- Interactive map of the mountain

Highest point
- Elevation: 1,831 m (6,007 ft)
- Prominence: 77 m (253 ft)
- Isolation: 1.9 km (1.2 mi)
- Coordinates: 62°18′57″N 8°58′32″E﻿ / ﻿62.31578°N 8.97551°E

Geography
- Location: Innlandet, Norway
- Parent range: Dovrefjell

= Lågvasstinden =

Mountain in Lesja, Norway

Lågvasstinden is a mountain in Lesja Municipality in Innlandet county, Norway. The 1831 m tall mountain lies within Dovrefjell-Sunndalsfjella National Park, about 22 km northeast of the village of Lesja.

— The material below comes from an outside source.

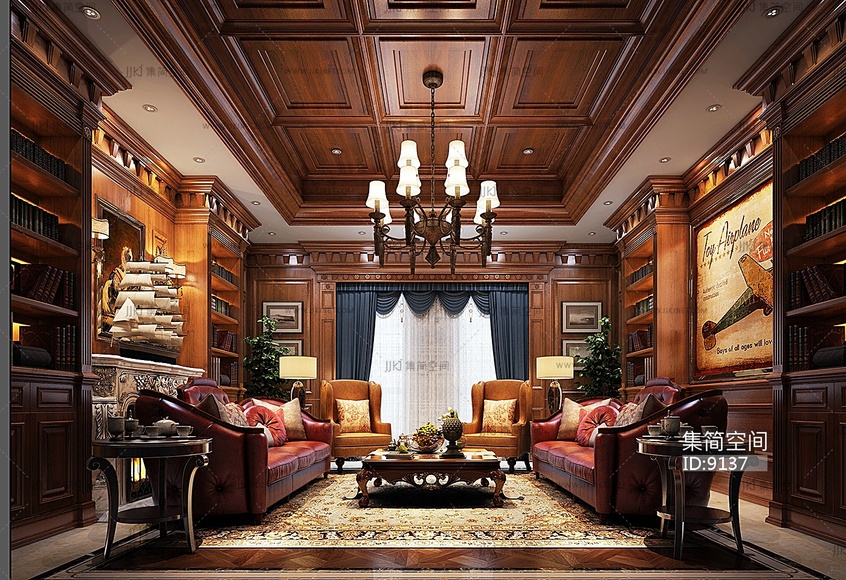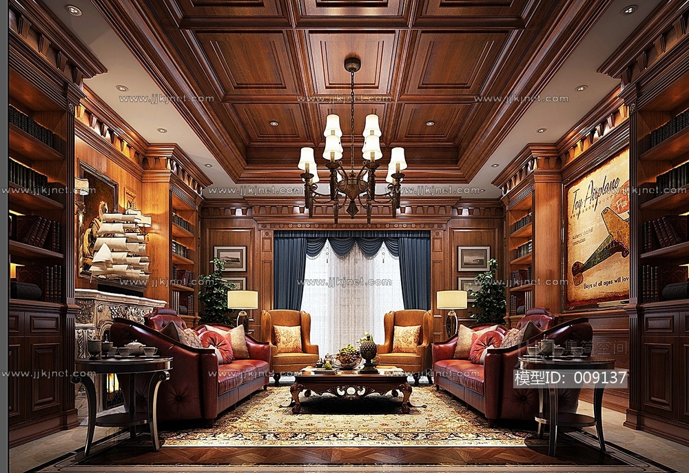 84-1104美式会客厅 3d模型下载 [模型ID:9137]

The mountain is surrounded by several other mountains including Grøvudalstinden which is about 4 km to the north, Salhøa which is about 5 km to the northeast, Skuleggen which is 8 km to the northeast, Drugshøe which is about 7.5 km to the east, Mjogsjøhøe which is about 8.5 km to the southeast, Hatten which lies about 11 km to the south, Stortverråtinden and Vesltverråtinden which are about 3 km to the southwest, Høgtunga which is about 4.3 km to the west, and Eggekollan and Grønliskarstinden which are about 7.5 km to the northwest.